The new driverless BART train for the soon-to-be-completed Oakland airport connector line had its public debut Tuesday. Trains will depart the Oakland Coliseum station every four minutes, BART said.

BART unveiled a test train for the new Oakland airport connector line on Jan. 21, 2014. Photo courtesy of BART
BART unveiled a test train for the new Oakland airport connector line on Jan. 21, 2014. Photo courtesy of BART

By Jeff Shuttleworth, Bay City News Service

BART officials on Tuesday excitedly unveiled a test train for the 3.2-mile connector from the Oakland Coliseum station to the Oakland airport that's scheduled to begin service in the fall.

Speaking at the wheelhouse which houses the motors that will run the driverless trains on the elevated tramway, BART General Manager Grace Crunican said, "We're here to celebrate a milestone in the Oakland airport connector project, which will change the way people think about getting to the airport."

Fares from the Coliseum to the airport haven't yet been determined, but BART officials said they are expected to be roughly equivalent to the current $3 AirBART buses.

The idea of having an elevated connector from the Coliseum station to the airport was first proposed in 1970 but it wasn't approved and funded until 2010, with construction beginning in October of that year.
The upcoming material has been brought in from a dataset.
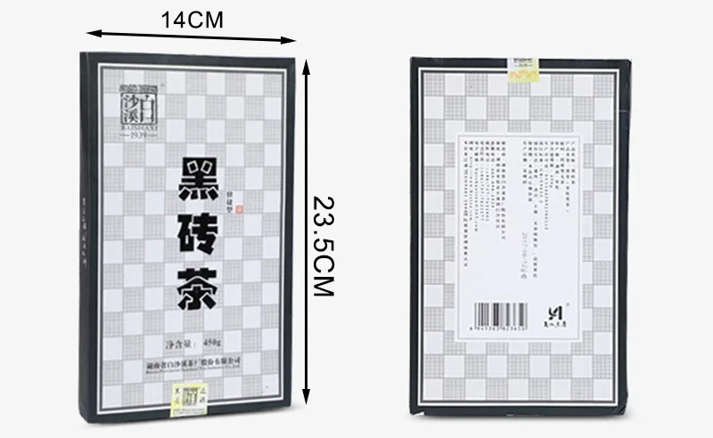 Product Name: Anhua Baishaxi Instant Type Dark Tea Brick Tea Form: Compressed Brick Tea Origin: Hunan province, China Tea Type: Dark Tea Product date: 2018 Package: Box Packing Net Weight: 450g Shelf life: The longer the better Storage Method: In ventilation, dry and no odor, storage in normal temperature environment . China Manufacturer: Hunan Provincial Baishaxi Tea Industry Co. Ltd

The connector, which will travel at about 30 mph, will run above the Hegenberger Road business corridor and replace the current AirBART buses, which drive through nine intersections on local streets.

Crunican said the current travel time between the Coliseum station and the airport is 20 to 25 minute when traffic is good but with the elevated tramway the trip will only take about 9 minutes.

"There will be a guarantee of the time that will be involved," Crunican said.

Four three-car trains will operate on the connector, with each train able to carry up to 150 passengers. The vehicles will depart every 4 minutes.

Tom Dunscombe, the project manager for the connector, said the trains will be light and "elegant" because they won't have motors, as the motors are in the wheelhouse.

Dunscombe said the connector will be "really reliable," with a projected on-time performance of 99.5 percent, because there will be redundant motors and gearboxes.

He said if the trains become crowded, BART will have the option of adding a fourth car to the trains in the future.

BART officials said the project is expected to cost $484 million and it is on time and on budget so far.

They said the local hiring program for the project is exceeding its goals because 934 of the 1,058 on-site workers are local residents, including 271 people from Oakland.

BART Director Robert Raburn, who represents the district where the connector is located, said, "This project has been moving at a very rapid clip."

Oakland City Councilman Larry Reid, who represents the area where the connector will run, said, "It will be great watching this train go to the most convenient airport in the Bay Area."

Reid added, "I wish it were operating today."